Have you wanted to learn more about Artificial Intelligence?

Recently I gave a talk about Using AI for Genealogy, and shared some of my sources for education about AI. You can find out more about the talk  and if you want to learn from a genealogist who is a professor with a Ph.D. in Computer Science and Engineering, you might consider having your group book it.

There are many resources available to learn how to get started with generative AI, and some ideas for using it in genealogy. Among them are posts on this blog .

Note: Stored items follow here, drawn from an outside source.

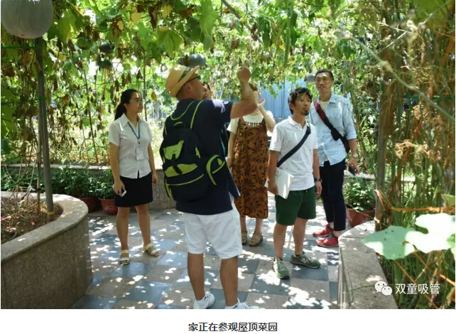 日本客人們也在參觀過程中,實(shí)地感受了“雙童”綠色生態(tài)的廠區(qū)環(huán)境。尤其是到了九樓空中菜園后,大家對(duì)滿園的瓜果蔬菜非常感興趣,認(rèn)為即使在日本,也很少有這么好的空中菜園!
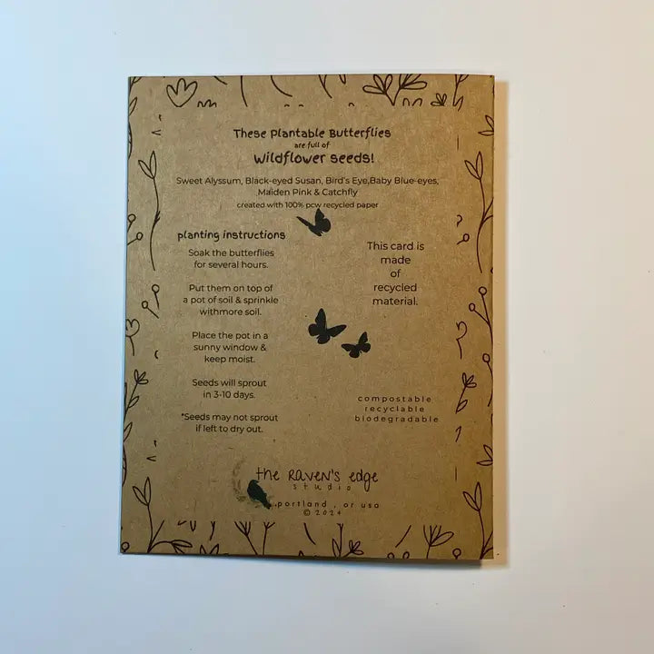 Celebrate sustainably with our Plantable Birthday Card | Seed Butterflies! Made of recycled & sustainable content, these exceptional quality cards feature a flower design with "Happy Birthday" on heavy 100% recycled paper. Plus, the 2 plantable butterfly die cuts are made of 100% recycled material infused with wildflower seeds to help save trees and feed bees.
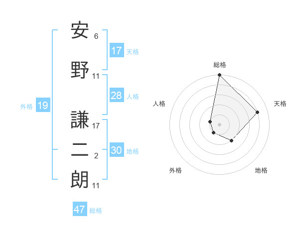 安野 謙二朗さんを姓名の画数から五運を鑑定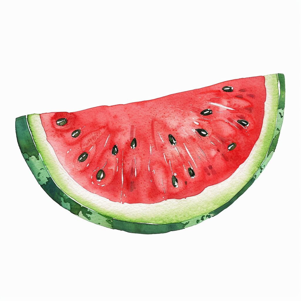 使用したプロンプトはこちら▼ <prompt> slice of watermelon on white background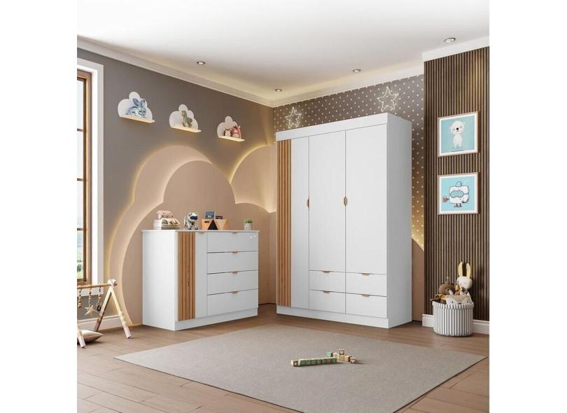 O menor preço encontrado no Brasil para Quarto Infantil Completo Guarda-Roupa 3 Portas 4 Gavetas Com Cômoda 100% Mdf Ayla Branco atualmente é R$ 1.489,96.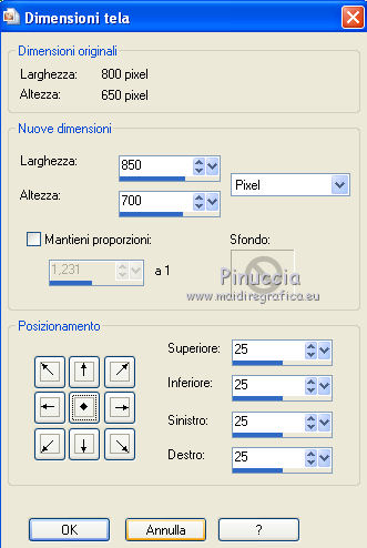 Immagine>Dimensione tela.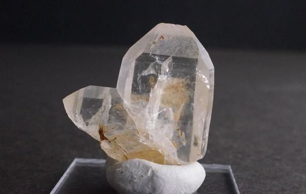ふたつの結晶が共有面を持ち成長しています。 そのカタチは想像を掻き立てる愛らしさがあります。 長崎県産の双晶の水晶です。
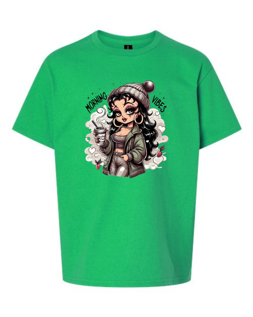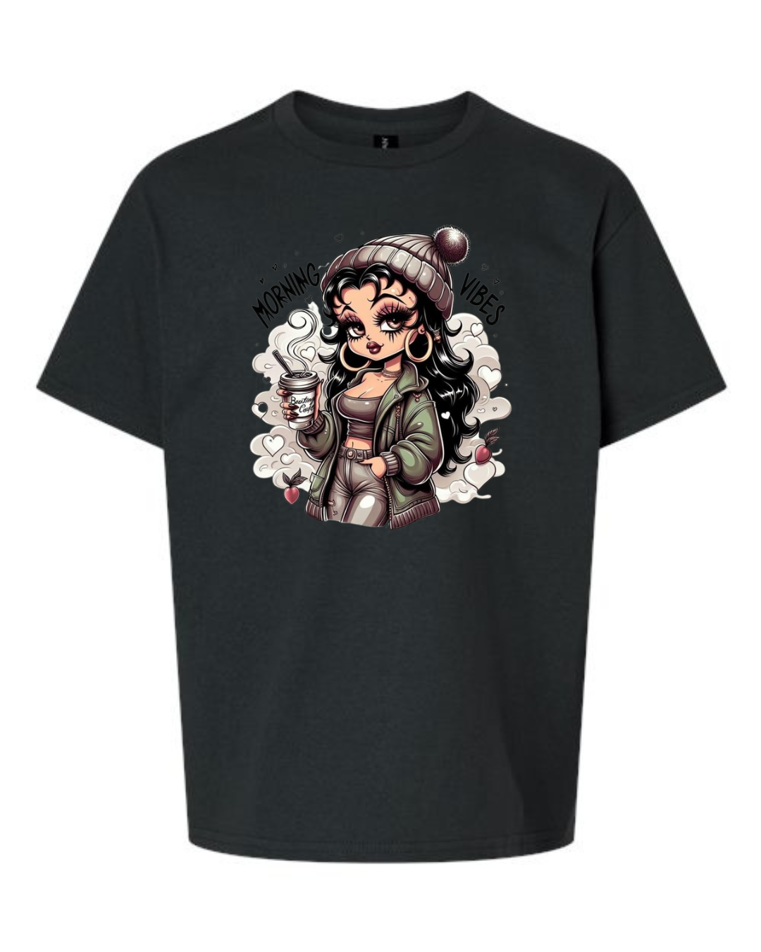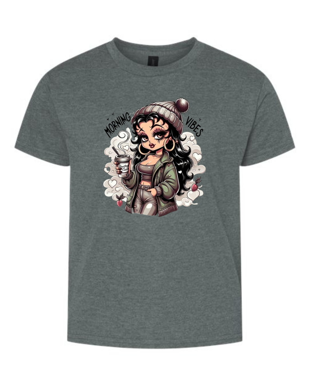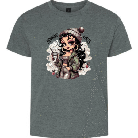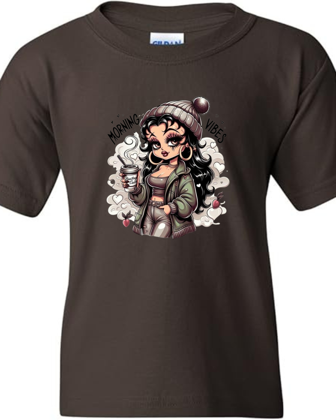 Start their day in style with this Youth Morning Vibes Graphic T-Shirt. Featuring a cozy cartoon character sipping coffee in a beanie and jacket, surrounded by whimsical steam art, this tee is perfect for kids who love cute, trendy, and cozy aesthetics. Soft, fun, and effortlessly cool.
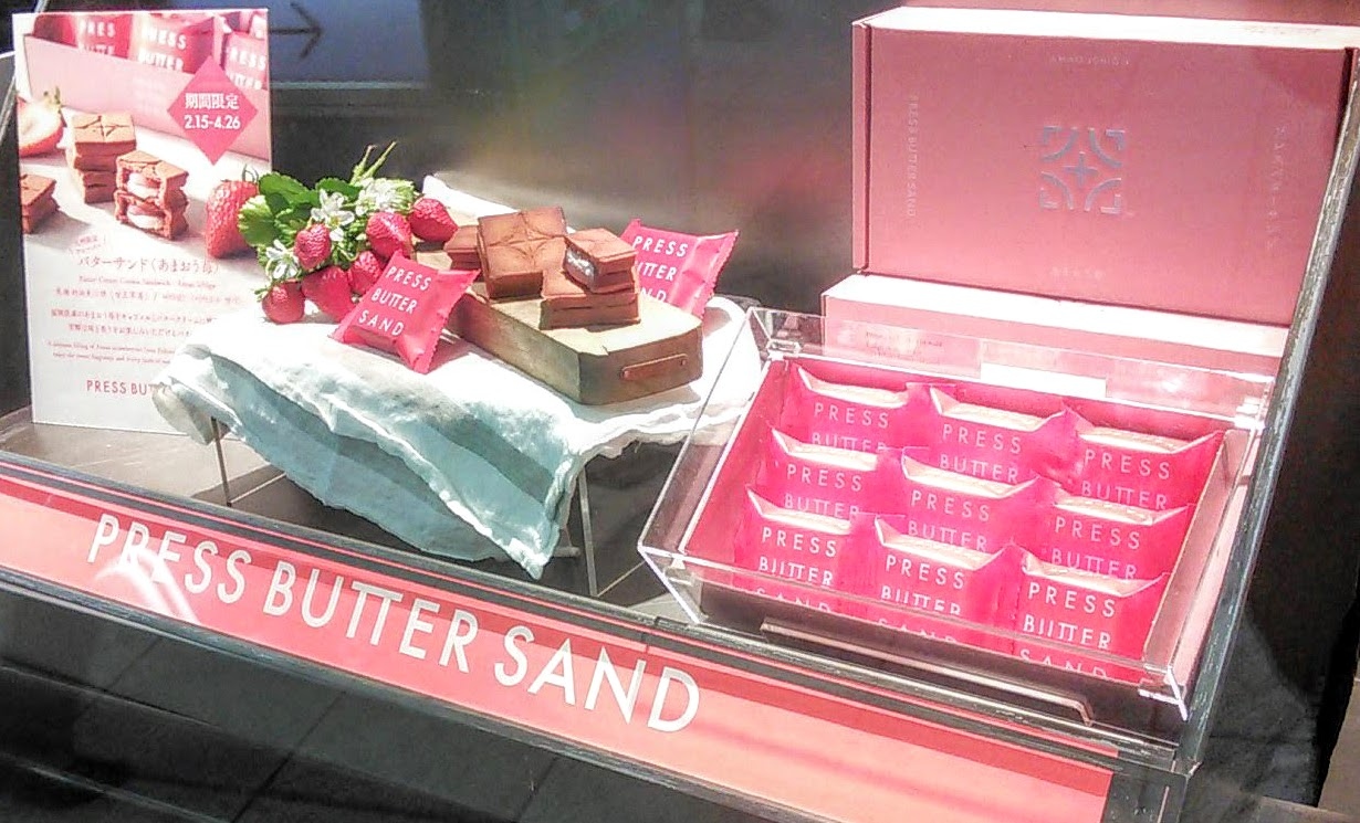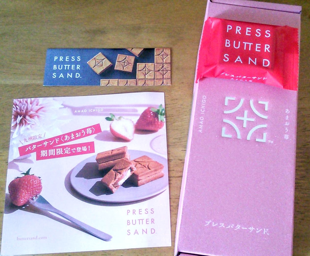 北海道きのとや系列のバターサンド専門店です。4月26日までの期間限定で、これまで博多に行かなければ入手できなかった「あまおう苺のバターサンド」が販売中だったので、5個入り(1242円)を購入してみました。クッキー生地もほのかにピンク色で、中にピンク色の苺バターキャラメル少々と、苺ジャム入りバタークリームが入っています。いちご風味のさくさくクッキーサンドでした。

NOTE: DO NOT put any sensitive information into any AI tool.

The first recommendation is a paper that you can download. Genealogists need to learn about prompt engineering to use AI tools effectively. A great paper that offers a catalog of prompt patterns is a good place to start. These prompts presented in the paper are general in nature, but they can be applied to genealogy. The paper is “A Prompt Pattern Catalog to Enhance Prompt Engineering with ChatGPT.” It is an academic paper, and they can look intimidating, but they do not have to be! You can copy-and-paste parts of it into ChatGPT (or another text-to-text AI tool) and ask it to create a summary or explain it. My specific advice is to look at the tables labeled “Contextual Statements” to learn the patterns. I actually copied text from these tables, and combined information about the patterns offered by a generative AI to create a personal cheat sheet.

If you want to dig deeper and understand more, you may want to look beyond genealogical applications and learn about the technology. Understanding what the tools are and how they work might help you be more comfortable with using them and applying them in genealogy.

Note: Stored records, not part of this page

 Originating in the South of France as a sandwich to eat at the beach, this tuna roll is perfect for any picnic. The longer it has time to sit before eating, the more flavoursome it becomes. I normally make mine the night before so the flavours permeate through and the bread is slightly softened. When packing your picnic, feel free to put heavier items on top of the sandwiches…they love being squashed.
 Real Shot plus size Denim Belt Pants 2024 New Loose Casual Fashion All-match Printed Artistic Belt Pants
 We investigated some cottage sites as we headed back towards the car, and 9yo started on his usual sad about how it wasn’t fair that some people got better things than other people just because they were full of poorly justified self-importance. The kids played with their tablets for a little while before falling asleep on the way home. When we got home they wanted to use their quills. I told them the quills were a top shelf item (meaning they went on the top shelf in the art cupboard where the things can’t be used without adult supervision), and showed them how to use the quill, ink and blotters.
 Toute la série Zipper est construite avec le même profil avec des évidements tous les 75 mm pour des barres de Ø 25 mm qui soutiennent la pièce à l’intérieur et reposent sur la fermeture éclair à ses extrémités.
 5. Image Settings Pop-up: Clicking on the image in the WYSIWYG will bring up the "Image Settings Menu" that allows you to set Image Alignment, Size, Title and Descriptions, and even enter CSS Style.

In its “AI Ready” commitment, Amazon Web Services (AWS) has set a goal to train 2 million people. As part of this commitment, AWS offers free courses about AI. These courses are written for all different levels of knowledge. From the AWS webpage describing the commitment, scroll down to the section “Courses for business and nontechnical audiences” where you can follow the links to register for the courses. A free account is needed. “Introduction to Generative Artificial Intelligence” is a good starting point, with simple and understandable explanations and no formal assessments. (That means no tests!)

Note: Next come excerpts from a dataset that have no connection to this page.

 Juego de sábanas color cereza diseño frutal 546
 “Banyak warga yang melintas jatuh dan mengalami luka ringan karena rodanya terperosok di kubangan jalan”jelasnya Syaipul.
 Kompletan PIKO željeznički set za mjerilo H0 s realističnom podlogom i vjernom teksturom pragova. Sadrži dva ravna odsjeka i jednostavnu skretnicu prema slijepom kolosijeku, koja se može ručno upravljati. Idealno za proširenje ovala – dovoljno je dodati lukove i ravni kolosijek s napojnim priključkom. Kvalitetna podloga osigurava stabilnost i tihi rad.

AWS Courses for business and nontechnical audiences list

If you want to learn in a more structured way, there are online classes available. These are more formal, with structured lessons and activities that you have to turn in. That should not intimidate you, as these courses are designed for beginners who have little or no technical background. The beginner aspect should not dissuade people with more experience, as there is always something to learn in courses like these. I enjoyed the first and simplest course on the list, as well as courses in the series “Generative AU Learning Planning for Decision Makers” and the “Foundations of Prompt Engineering.”

Coursera

Coursera offers “Prompt Engineering for ChatGPT.” It is taught by the professor who wrote the article that I recommended. If you take this course for free, be sure to allocate time for it each week because the course materials are only available to paying participants after the end of the class. I found this to be a very enjoyable course, with the assignments being as simple as using ChatGPT 3.5 to try the patterns from lessons and submitting the prompt and response via a text box.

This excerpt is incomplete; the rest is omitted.